REQUIREMENT: Return all of the data verbatim, dropping any picture.

═════ RECORD SET ═════

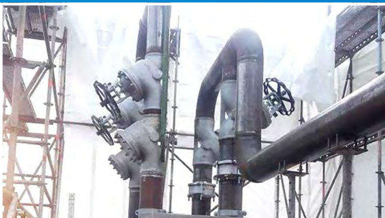
Sonae Arauco, Beeskow plant Span dryer 27 m long, approx. 6 m diameter, thirds and 2 chambers complete replacement of the heating pipes 2017
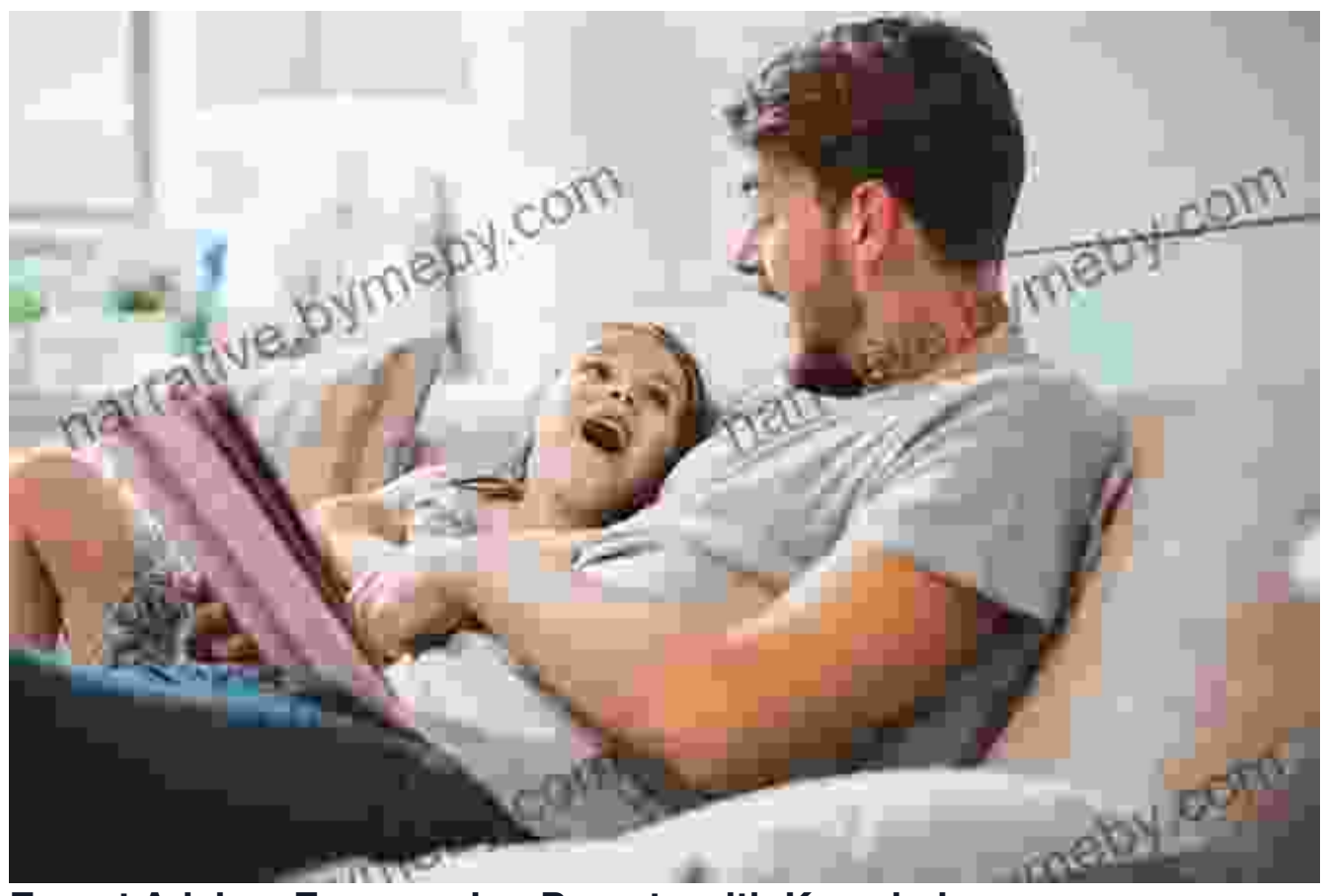
Expert Advice: Empowering Parents with Knowledge

decisions and feel confident in their parenting abilities.
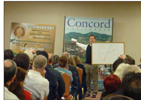
Concord Small Business Seminar

A. Goodwill Visits. The City’s Economic Development Program will continue to conduct goodwill visits to major employers and sales tax generators to build strong, long-term relationships, improve communication between the City and the business community, demonstrate Concord’s concern for its existing major businesses, and to encourage these businesses to remain and expand in Concord.
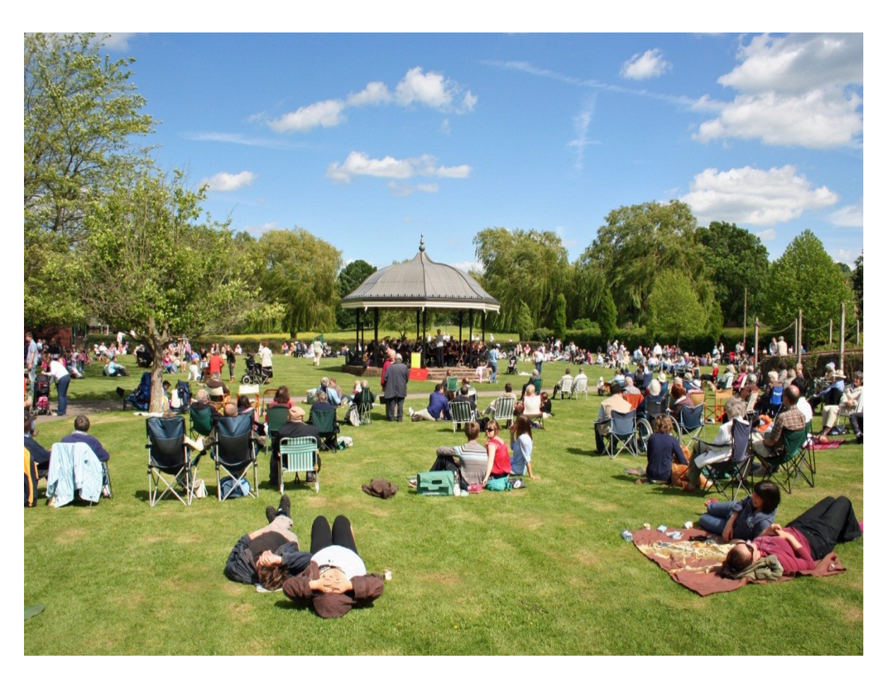
Godalming Bandstand on a balmy Summer's day, 2010
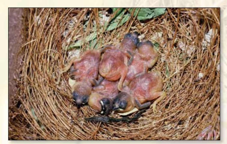
Crimson Finch nestlings
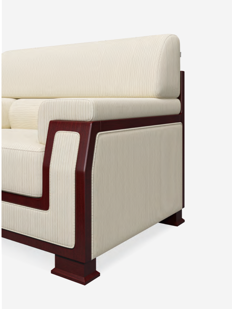
G2's recessed wood frame reflects the urbane and reserved temperament of a gentleman.
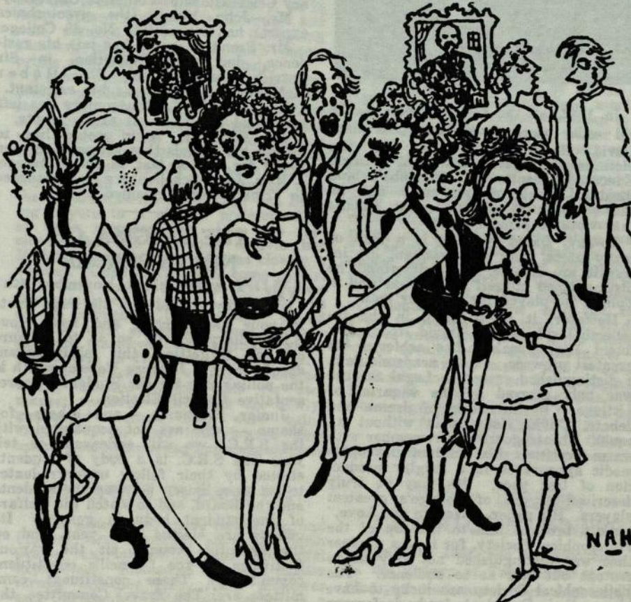
A group of Freshers at the reception.
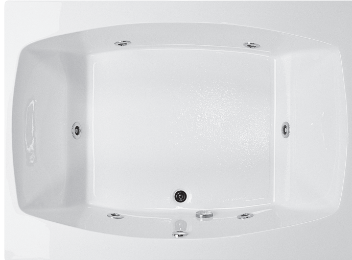
Shown with Standard Therapy Package.

NOTE: See electrical specifications page for electrical requirements of options.
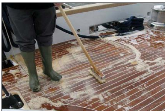
Clean with a light duty deck scourer
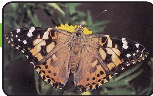
Figure 22. Thistle caterpillar (Painted lady butterfly) adult - Vanessa cardui (L.) ( Extension Entomology )

Damage: Larvae feed on the leaves and, when numerous, may defoliate plants. Larvae produce loose silk webbing that covers them during their feeding activity. Black fecal pellets produced by the larvae often are found in proximity to the webbing. The effect of defoliation by the larvae on the sunflower yield is similar to that described for sunflower beetle larvae.
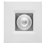
Square Haze w/White
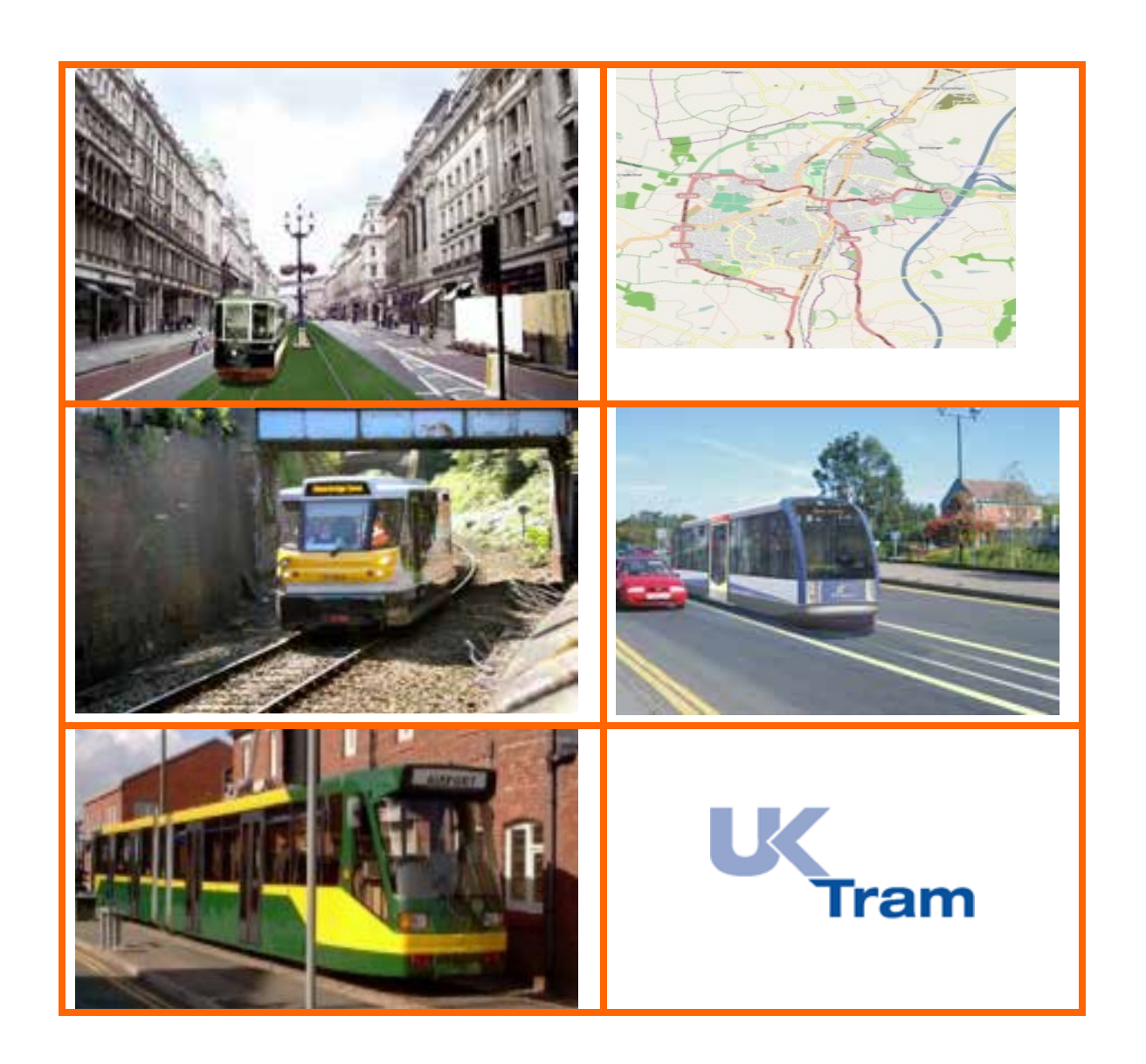
Advice Note for promoters considering ultra light rail
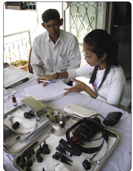
History taking in Kampong Chhnang

The present cost of appropriate hearing aids is prohibitive for the majority of the Khmer people. In addition to the shortages and high prices, there is a huge lack of services to fit hearing aids and ear moulds correctly and very few trained personnel. In Cambodia, as in many parts of the developing world, strategies for the procurement and
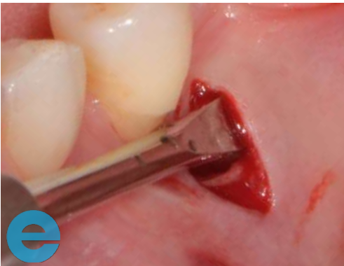
3. Incision distal to 5, periosteum lifted.
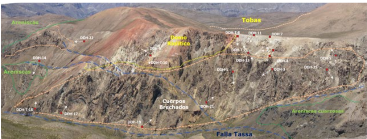
Figure 1: Drill hole collar locations on the Tassa Project Area.
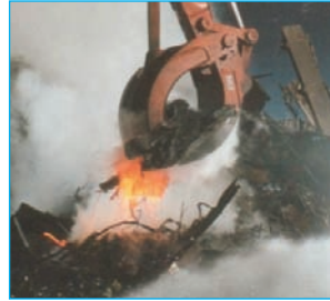
World Trade Center area, New York

Not hit by an airplane, the 47-story WTC7 collapsed at 5:30 pm into its own footprint in approximately six seconds. WTC7 is not mentioned in The 9/11 Commission Report.
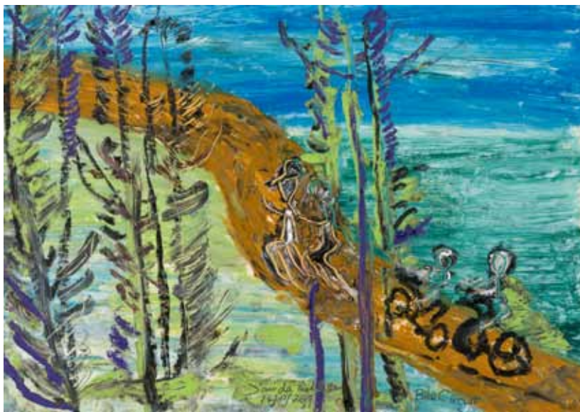
26. Bike circuit 2019 OIL PASTEL ON ARCHES PAPER 36 × 50 cm
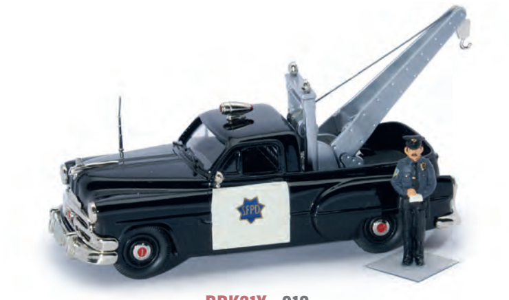
BRK31X - 018
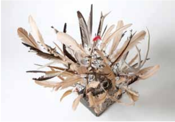
Arthur Simms Face Mon , 2014
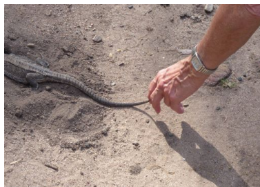
Dragon handler Len.

Friday we spent the first few hours birding on the road to Capertee adding a few birds to our trip list. We then headed for various Rockwarbler sites in the Blue Mountains but were unlucky with all of them. We spent the night at Penrith.
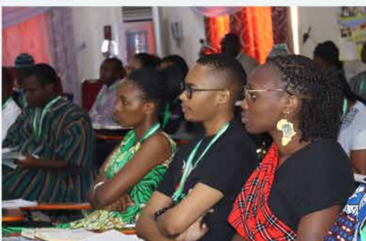
Some of the students during a lecture
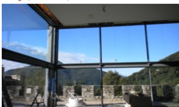
8. Castle of Doragno, first floor, living room
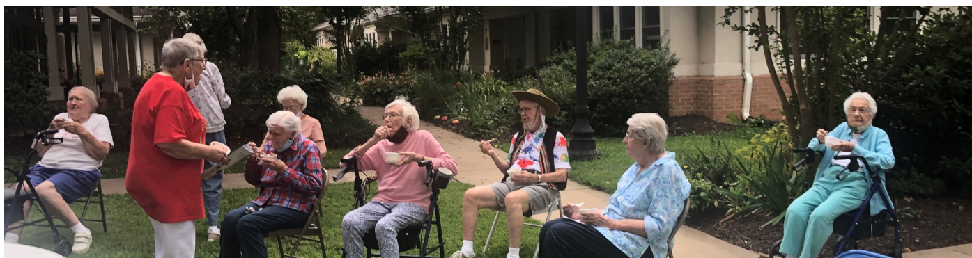
Ice Cream Social
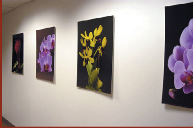
Gallery room #1
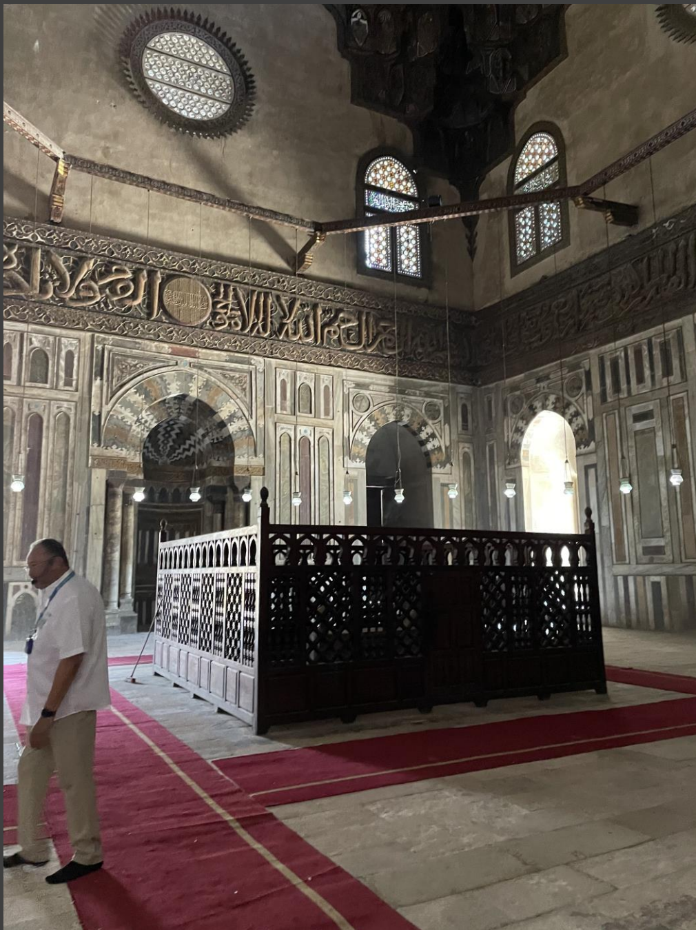
Call to Prayer Mosque of Sultan Hussan Cairo, Egypt
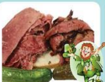
Fresh Sliced Corned Beef
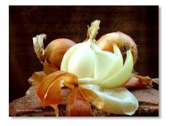
Figure 4: Qualitative research requires asking many questions to get to the root of an issue, and is therefore like peeling back the layers of onion
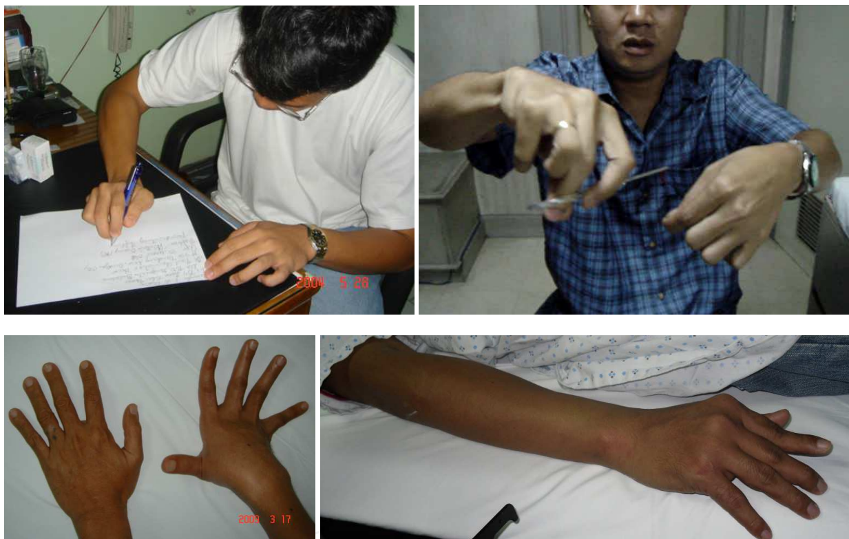
Fig. 1. Focal hand dystonias (upper panel: with task-specificity [Writer’s cramp and Barber’s cramp]); (lower panel: with complex regional pain syndrome)

BoNT) and near nerve injections (i.e. phenol block). Although useful in near large nerve injections (e.g. obturator and femoral nerves), phenol has not been encouraging because of pain associated with the procedure and its unpredictable response (27). Hinged on the abolition of abnormal muscle spasms with “sensory trick” and MAB in dystonia (i.e. applying TVR[28]), it is believed that the BoNT does have sensory modulatory effects, apart from pure muscle relaxation (see a recent review on the subject by Kanovsky and Rosales[26]). In addition, BoNT-A may reduce pain comorbidity that occur in dystonia (see a recent review by Rawicki and cohorts[29]). The fact that BoNT injections are able to improve an individual’s occupational function and quality of life elevates the rationale for its applications. The latter is best exemplified by occupational dystonias (A separate chapter is dedicated to this end). Figure-1 depicts cases of focal hand dystonias with task-specificity and those with complex regional pain syndrome, being prepared for BoNT-A injections.
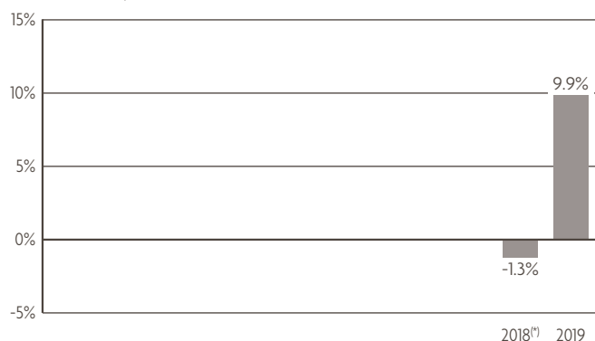
Series A Units – Annual return for the period ended December 31, 2019

(*) for the period of October 19, 2018 to December 31, 2018.
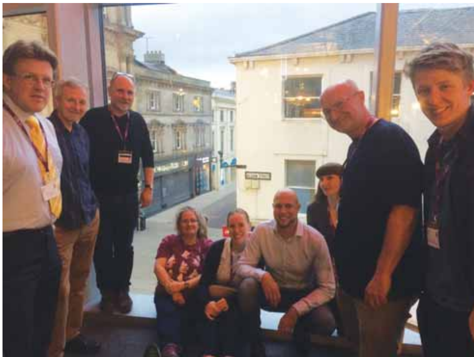
Albion Archaeology staff attending ClfA2019.

═════

EXERCISE OUTPUT:
Sonae Arauco, Beeskow plant Span dryer 27 m long, approx. 6 m diameter, thirds and 2 chambers complete replacement of the heating pipes 2017
Expert Advice: Empowering Parents with Knowledge

decisions and feel confident in their parenting abilities.
Concord Small Business Seminar

A. Goodwill Visits. The City’s Economic Development Program will continue to conduct goodwill visits to major employers and sales tax generators to build strong, long-term relationships, improve communication between the City and the business community, demonstrate Concord’s concern for its existing major businesses, and to encourage these businesses to remain and expand in Concord.
Godalming Bandstand on a balmy Summer's day, 2010
Crimson Finch nestlings
G2's recessed wood frame reflects the urbane and reserved temperament of a gentleman.
A group of Freshers at the reception.
Shown with Standard Therapy Package.

NOTE: See electrical specifications page for electrical requirements of options.
Clean with a light duty deck scourer
Figure 22. Thistle caterpillar (Painted lady butterfly) adult - Vanessa cardui (L.) ( Extension Entomology )

Damage: Larvae feed on the leaves and, when numerous, may defoliate plants. Larvae produce loose silk webbing that covers them during their feeding activity. Black fecal pellets produced by the larvae often are found in proximity to the webbing. The effect of defoliation by the larvae on the sunflower yield is similar to that described for sunflower beetle larvae.
Square Haze w/White
Advice Note for promoters considering ultra light rail
History taking in Kampong Chhnang

The present cost of appropriate hearing aids is prohibitive for the majority of the Khmer people. In addition to the shortages and high prices, there is a huge lack of services to fit hearing aids and ear moulds correctly and very few trained personnel. In Cambodia, as in many parts of the developing world, strategies for the procurement and
3. Incision distal to 5, periosteum lifted.
Figure 1: Drill hole collar locations on the Tassa Project Area.
World Trade Center area, New York

Not hit by an airplane, the 47-story WTC7 collapsed at 5:30 pm into its own footprint in approximately six seconds. WTC7 is not mentioned in The 9/11 Commission Report.
26. Bike circuit 2019 OIL PASTEL ON ARCHES PAPER 36 × 50 cm
BRK31X - 018
Arthur Simms Face Mon , 2014
Dragon handler Len.

Friday we spent the first few hours birding on the road to Capertee adding a few birds to our trip list. We then headed for various Rockwarbler sites in the Blue Mountains but were unlucky with all of them. We spent the night at Penrith.
Some of the students during a lecture
8. Castle of Doragno, first floor, living room
Ice Cream Social
Gallery room #1
Call to Prayer Mosque of Sultan Hussan Cairo, Egypt
Fresh Sliced Corned Beef
Figure 4: Qualitative research requires asking many questions to get to the root of an issue, and is therefore like peeling back the layers of onion
Fig. 1. Focal hand dystonias (upper panel: with task-specificity [Writer’s cramp and Barber’s cramp]); (lower panel: with complex regional pain syndrome)

BoNT) and near nerve injections (i.e. phenol block). Although useful in near large nerve injections (e.g. obturator and femoral nerves), phenol has not been encouraging because of pain associated with the procedure and its unpredictable response (27). Hinged on the abolition of abnormal muscle spasms with “sensory trick” and MAB in dystonia (i.e. applying TVR[28]), it is believed that the BoNT does have sensory modulatory effects, apart from pure muscle relaxation (see a recent review on the subject by Kanovsky and Rosales[26]). In addition, BoNT-A may reduce pain comorbidity that occur in dystonia (see a recent review by Rawicki and cohorts[29]). The fact that BoNT injections are able to improve an individual’s occupational function and quality of life elevates the rationale for its applications. The latter is best exemplified by occupational dystonias (A separate chapter is dedicated to this end). Figure-1 depicts cases of focal hand dystonias with task-specificity and those with complex regional pain syndrome, being prepared for BoNT-A injections.
Series A Units – Annual return for the period ended December 31, 2019

(*) for the period of October 19, 2018 to December 31, 2018.
Albion Archaeology staff attending ClfA2019.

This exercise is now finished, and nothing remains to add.